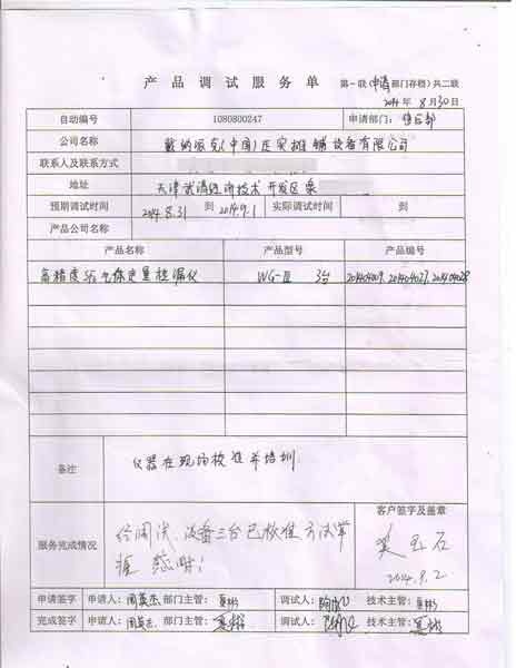 2014-08-31  戴納派克(中國(guó))壓實(shí)攤鋪設(shè)備有限公司進(jìn)行調(diào)試服務(wù),調(diào)試產(chǎn)品:CYWG-III高精度SF6氣體定量檢漏儀
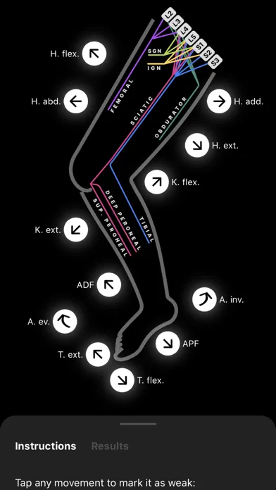 Localize focal peripheral nerve lesions in the lower limb quickly. Mark movements as weak, and see the pathway of potentially causative lesions highlighted on our interactive anatomic map. See suggestions for which movement to test, as the most efficient next step in establishing a diagnosis.
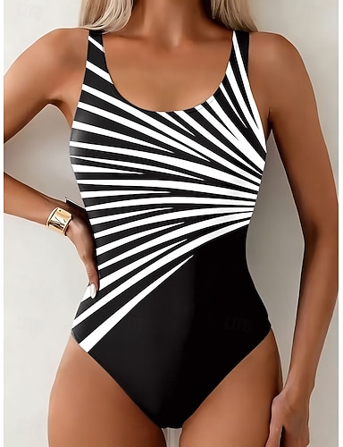 Kvinnors endelad baddräkt formande monokini hög skärning mage kontroll hög midja smal rygglös semester vintage grafisk geometrisk U-hals ärmlös baddräkt
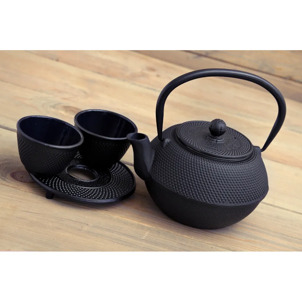 Podstawowym elementem jest Bredemeijer dzbanek żeliwny 1,1, do którego dobrana została podstawka Xilin oraz dwie czarki Xilin
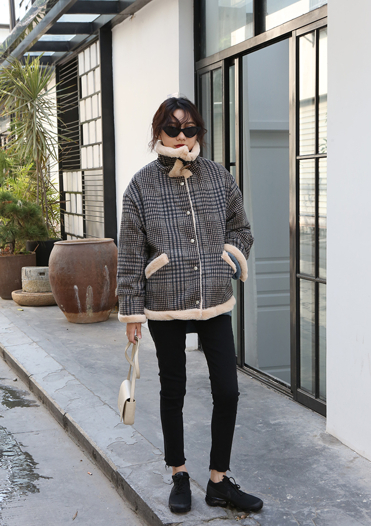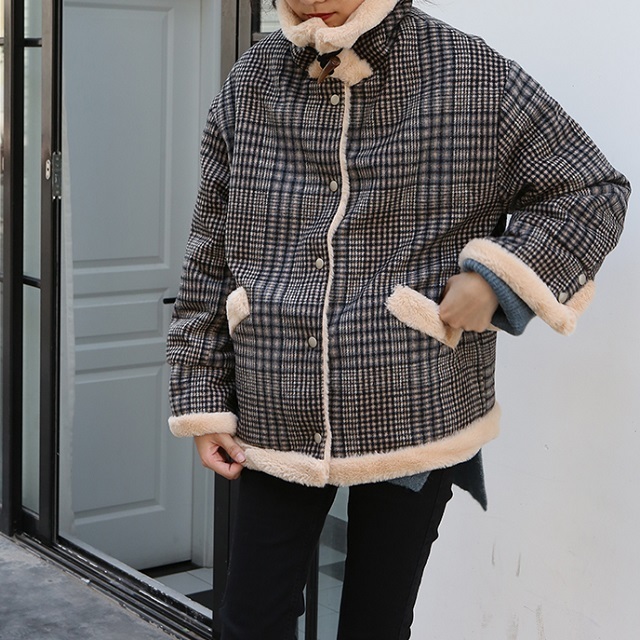 ハイネックデザインで暖かさをキープしてくれる、ふわもこジャケットです。
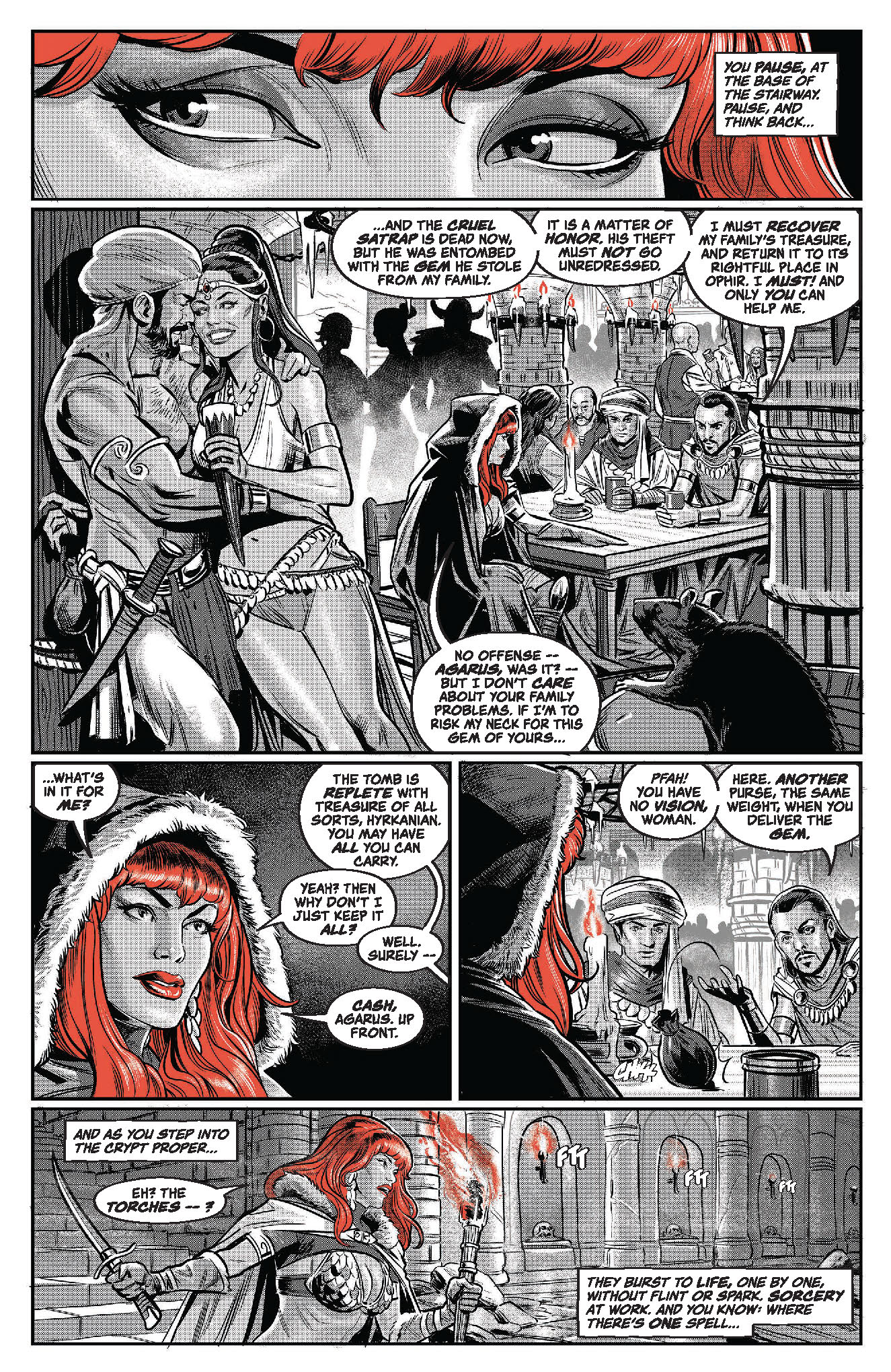 As a special bonus, this 40-page one-shot also includes a reprint of KURT BUSIEK and BENJAMIN DEWEY’s “Seeing Red” from the pages of Red Sonja: Black, White, Red, which finds the She-Devil with a Sword seeking a precious, priceless item in the foreboding Mountains of Night!

● ● ●

> **What you are asked to do**:
Give back exactly the run of lines that opens the material above and ends at the line with "Localize focal peripheral". Omit the pictures.

> **Completed task**:
 2014-08-31  戴納派克(中國(guó))壓實(shí)攤鋪設(shè)備有限公司進(jìn)行調(diào)試服務(wù),調(diào)試產(chǎn)品:CYWG-III高精度SF6氣體定量檢漏儀
 Localize focal peripheral nerve lesions in the lower limb quickly. Mark movements as weak, and see the pathway of potentially causative lesions highlighted on our interactive anatomic map. See suggestions for which movement to test, as the most efficient next step in establishing a diagnosis.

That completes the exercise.